The following list describes the order of calls in ItemDiscountCalculator:

  1. The priceItems method changes the price of input items. It first calls findQualifyingItems to get items whose prices need changing. It then calls priceQualifyingItems to change their price.

  2. The findQualifyingItems method selects items to be discounted. It bases item selection on attributes of the input environment as represented by the method’s parameters. It calls the findQualifyingItems method of the Qualifier.

  3. The priceQualifyingItems method modifies the prices of an input collection of items. It also verifies that the items’ audit trail is maintained and marks the items that acted as qualifiers for this discount calculation so that they cannot act as a qualifier for another discount. priceQualifyingItems calls priceQualifyingItem once for each input item to be priced.

  4. The priceQualifyingItem method modifies the price of the input item.

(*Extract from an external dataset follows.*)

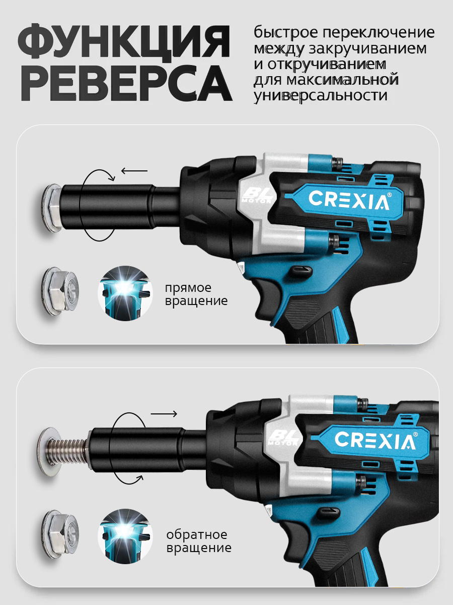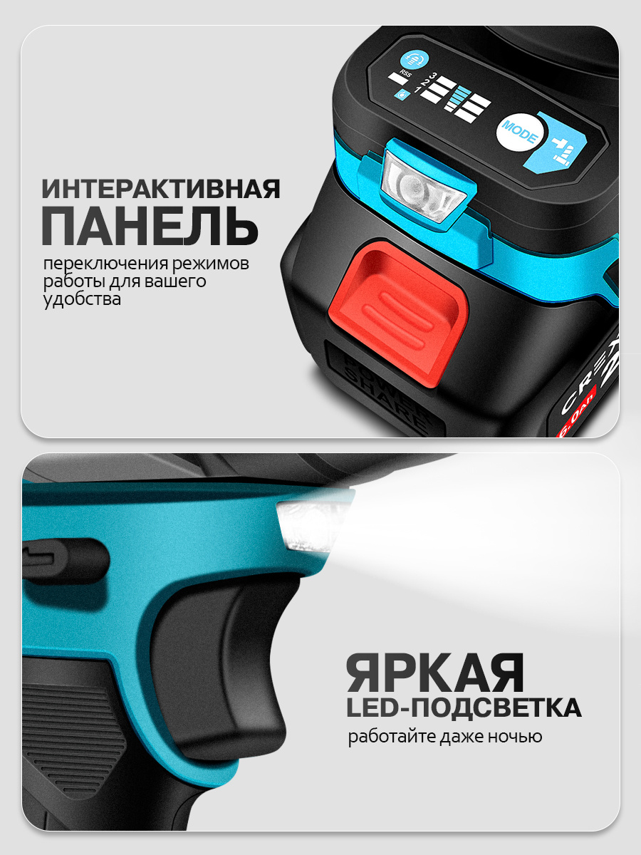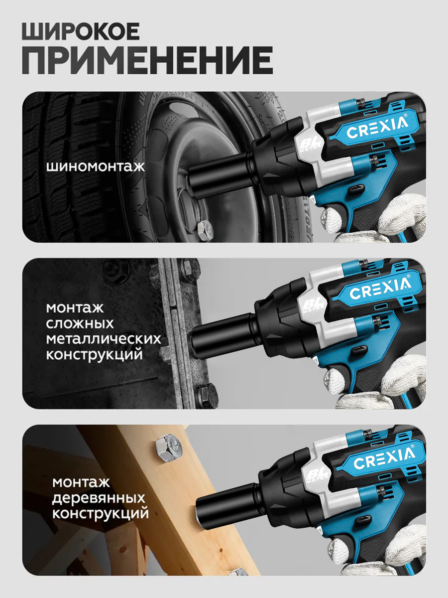 ·1 × Гайковёрт; ·2 × Аккумулятор 6000 мАч; ·6 × Насадки; ·1 × Пояс для инструментов; ·1 × Перчатки; ·1 × Резиновое кольцо; ·1 × 3ащёлка; ·1 × Зарядное устройство; ·1 × Руководство пользователя; ·1 × Keйс;

It also verifies that the item’s audit trail is maintained and, if the item acted as a qualifier for this discount calculation, it marks the item so that it cannot act as a qualifier for another discount. priceQualifyingItem calls each priceDetailedItemPriceInfo, discounting details until the total number of items to discount has been reached.

  5. The priceDetailedItemPriceInfo method modifies the price of a detailedItemPriceInfo. It maintains the audit trail and marks the details that have acted as qualifiers. It calls findAdjustedPrice to find the new price of the details.

  6. The findAdjustedPrice method produces a number that is the new price of a DetailedItemPriceInfo. It examines the existing price and the input parameters, and it returns the new price.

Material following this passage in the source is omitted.